[Recorded data]

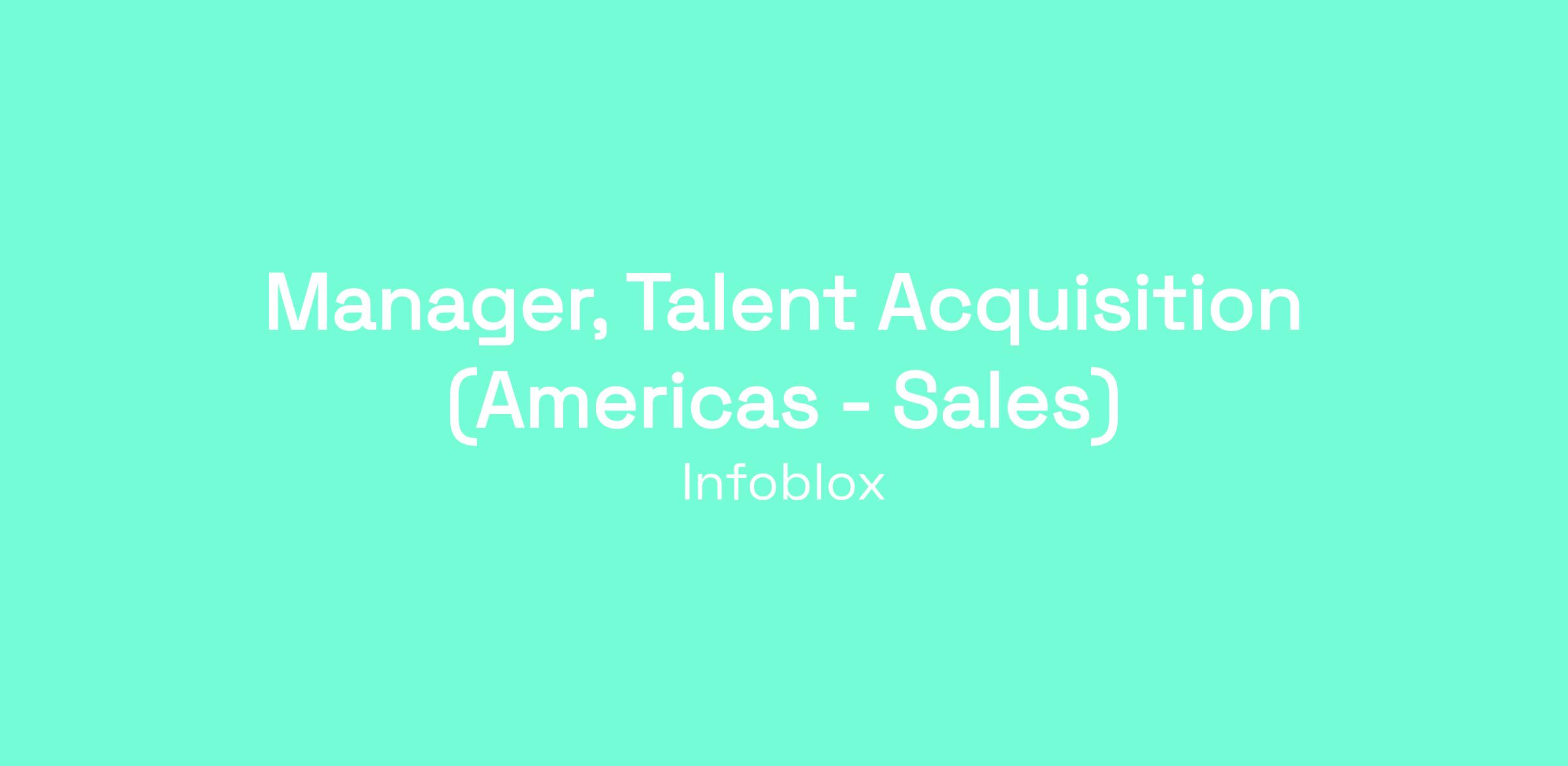 Manager, Talent Acquisition (Americas - Sales)
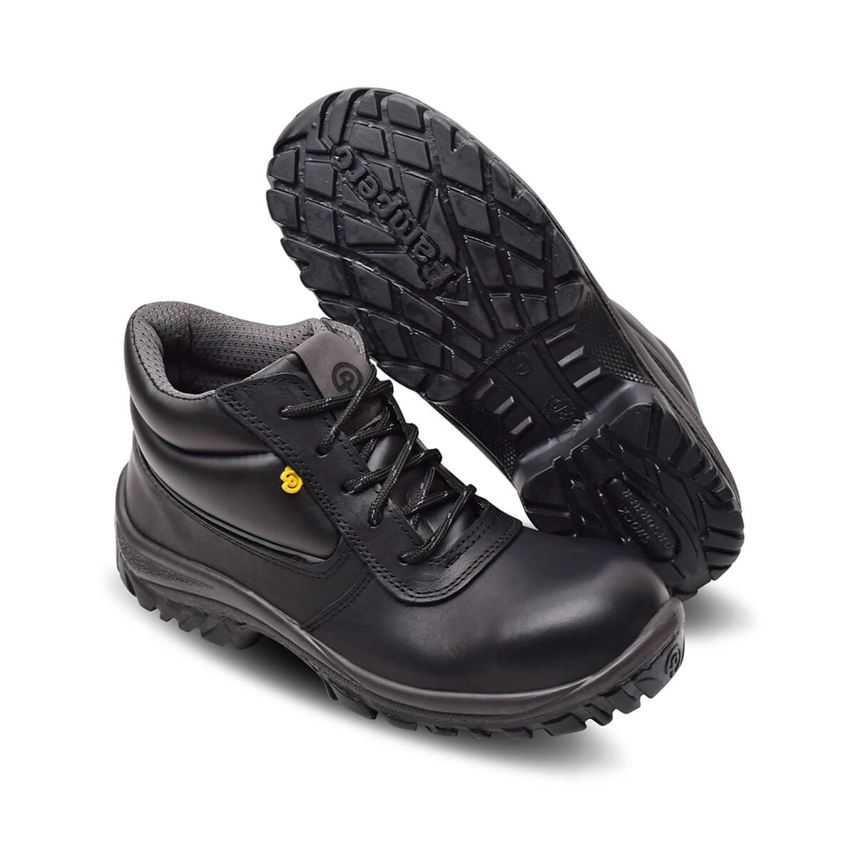 Botín de seguridad fabricado con cuero flor, suela bi-densidad resistente a hidrocarburos, abrasión y dieléctrica. Con puntera de acero que brinda protección certificada contra impactos y plantilla de EVA 4mm con tratamiento antimicótico.
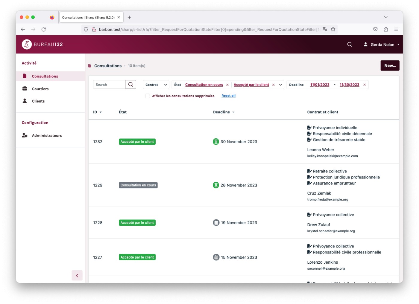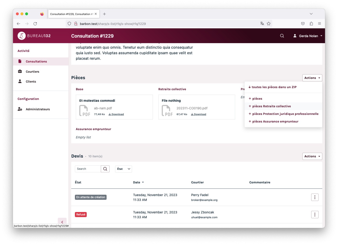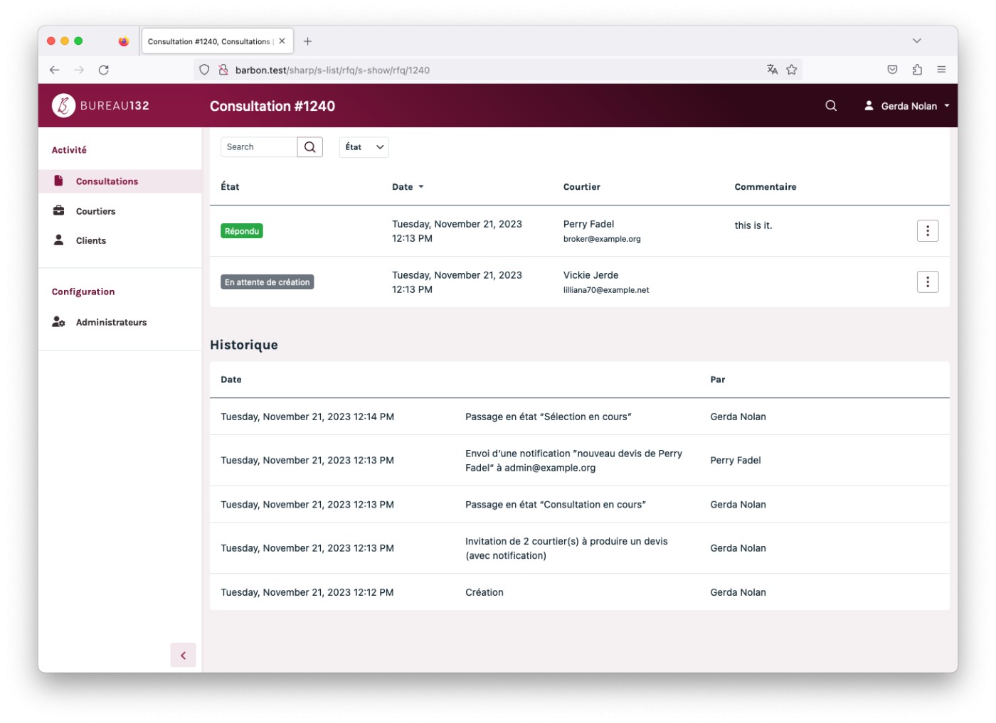 The client is Bureau 132 a French company that helps businesses to find the ideal solution for their insurance needs. It’s quite specific, but you can think of it as an intermediate between companies and insurance brokers. To do so, they needed an online tool to help them manage their customers, their contracts, their brokers... and to manage the workflow of a request for quotes and quote selection.
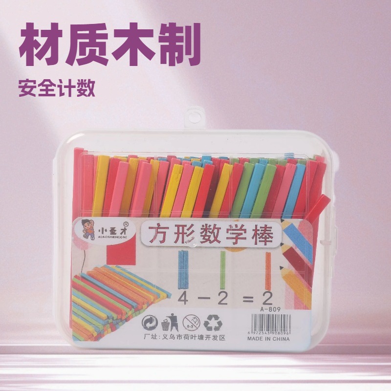 方形の数の棒の箱の中の100本の数学の算数の棒の1学年の加減算の計数の棒の幼児の数学の教具
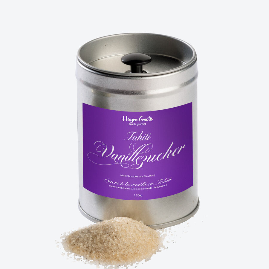 Les meilleures gousses de vanille du monde proviennent de Tahiti. La "reine de la vanille" dépasse nettement la vanille Bourbon grâce à un rendement 4 fois plus élevé, une saveur plus prononcée et un parfum floral unique! Sa chair, d'un brun foncé est particulièrement charnue, d'une saveur persistante et d'un parfum puissant. Elle mesure jusqu'à 20 cm de long. Elle est cultivée dans des petites exploitations et exige des efforts et des soins particuliers : chaque fleur est pollenisée une à une à la main. Grâce à des conditions climatiques uniques, à une culture méticuleuse et attentive, on obtient des gousses de vanille aux arômes inégalables! Contrairement au faux sucre vanillé (le produit de remplacement existe depuis 1875), ce véritable sucre vanillé est composé de 7 % de gousse de vanille de Tahiti moulue avec du sucre de canne de qualité supérieure.
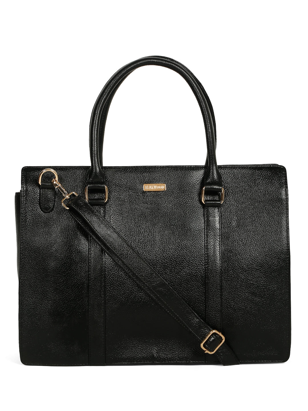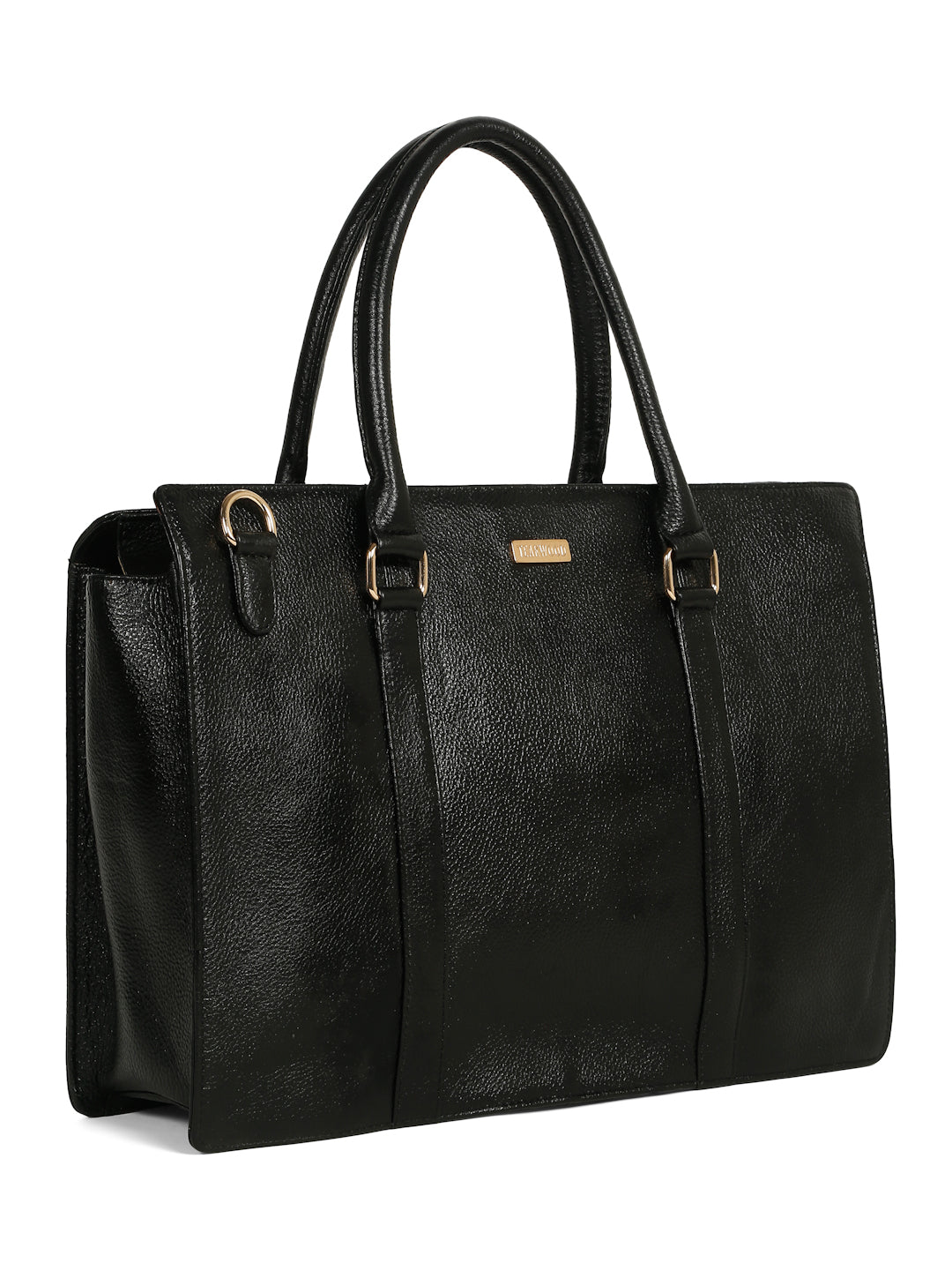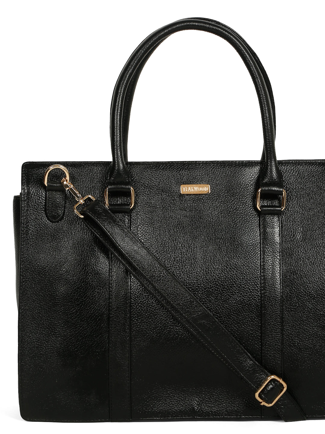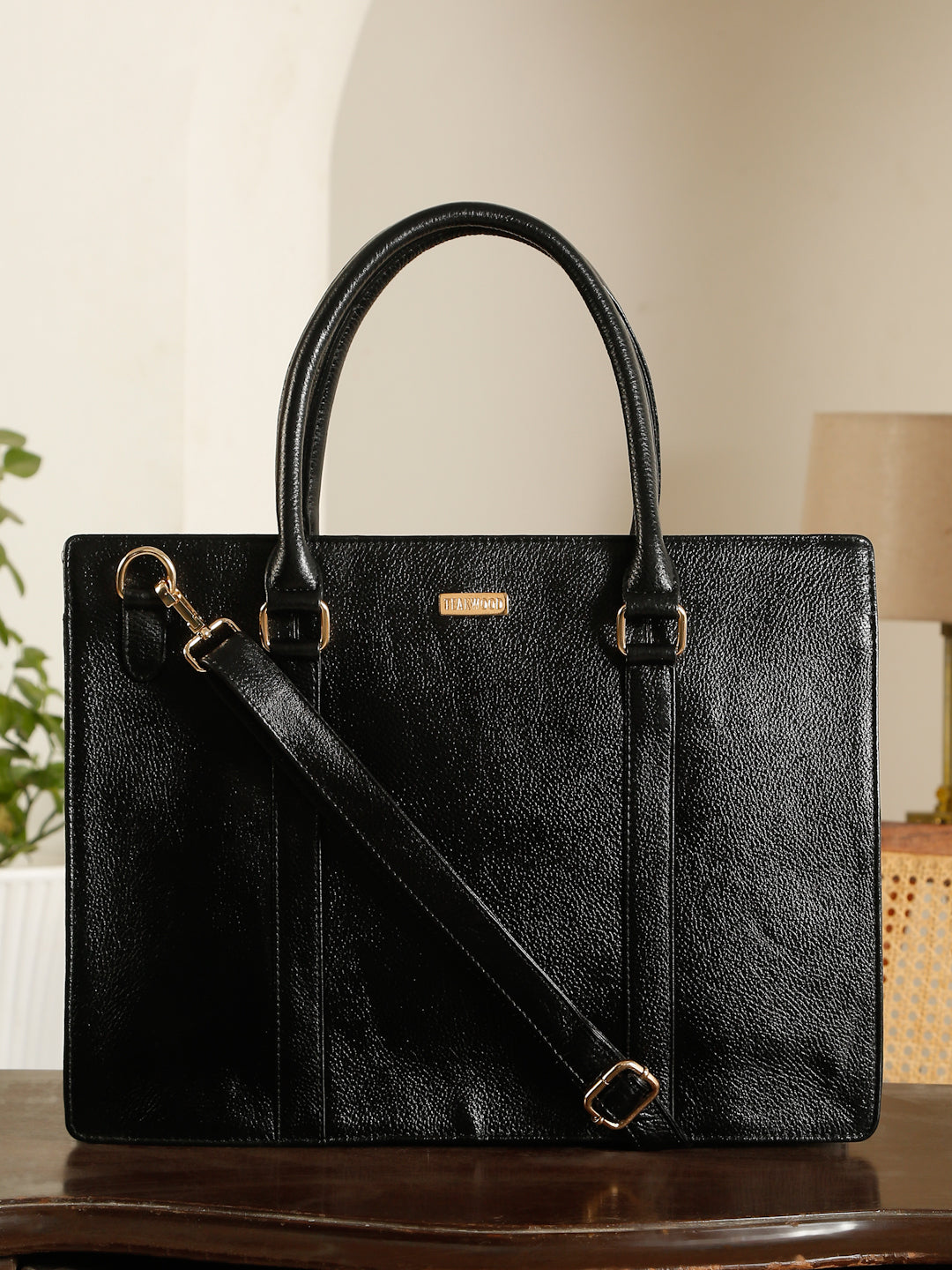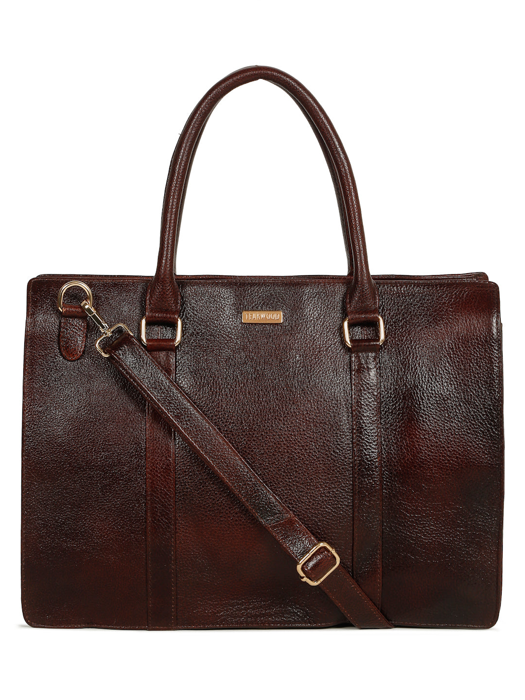 This teakwood leather tote bag is made of genuine leather, The material has a subtle, fine-grained pebbled, ld-toned metallic hardware is used for a sophisticated accent. t features two sturdy, rounded top handles An adjustable, detachable shoulder or crossbody strap is included, secured by gold clasps. A small, horizontal gold-toned metallic plaque is positioned prominently near the top center of the bag that bearing the brand name Teakwood. The bag has a wide-opening, top-zip closure, indicating a secure main compartment. It is designed for high capacity and organization the item it holds A laptop, Tablet, Notebook etc.The spacious nature suggests it can hold other daily necessities and is likely intended as a laptop bag or professional tote.

Instructions for the task: Every entry, word for word, should be given again; the pictures are not part of the copy.

Completed exercise:
 Manager, Talent Acquisition (Americas - Sales)
 Botín de seguridad fabricado con cuero flor, suela bi-densidad resistente a hidrocarburos, abrasión y dieléctrica. Con puntera de acero que brinda protección certificada contra impactos y plantilla de EVA 4mm con tratamiento antimicótico.
 The client is Bureau 132 a French company that helps businesses to find the ideal solution for their insurance needs. It’s quite specific, but you can think of it as an intermediate between companies and insurance brokers. To do so, they needed an online tool to help them manage their customers, their contracts, their brokers... and to manage the workflow of a request for quotes and quote selection.
 方形の数の棒の箱の中の100本の数学の算数の棒の1学年の加減算の計数の棒の幼児の数学の教具
 Les meilleures gousses de vanille du monde proviennent de Tahiti. La "reine de la vanille" dépasse nettement la vanille Bourbon grâce à un rendement 4 fois plus élevé, une saveur plus prononcée et un parfum floral unique! Sa chair, d'un brun foncé est particulièrement charnue, d'une saveur persistante et d'un parfum puissant. Elle mesure jusqu'à 20 cm de long. Elle est cultivée dans des petites exploitations et exige des efforts et des soins particuliers : chaque fleur est pollenisée une à une à la main. Grâce à des conditions climatiques uniques, à une culture méticuleuse et attentive, on obtient des gousses de vanille aux arômes inégalables! Contrairement au faux sucre vanillé (le produit de remplacement existe depuis 1875), ce véritable sucre vanillé est composé de 7 % de gousse de vanille de Tahiti moulue avec du sucre de canne de qualité supérieure.
 This teakwood leather tote bag is made of genuine leather, The material has a subtle, fine-grained pebbled, ld-toned metallic hardware is used for a sophisticated accent. t features two sturdy, rounded top handles An adjustable, detachable shoulder or crossbody strap is included, secured by gold clasps. A small, horizontal gold-toned metallic plaque is positioned prominently near the top center of the bag that bearing the brand name Teakwood. The bag has a wide-opening, top-zip closure, indicating a secure main compartment. It is designed for high capacity and organization the item it holds A laptop, Tablet, Notebook etc.The spacious nature suggests it can hold other daily necessities and is likely intended as a laptop bag or professional tote.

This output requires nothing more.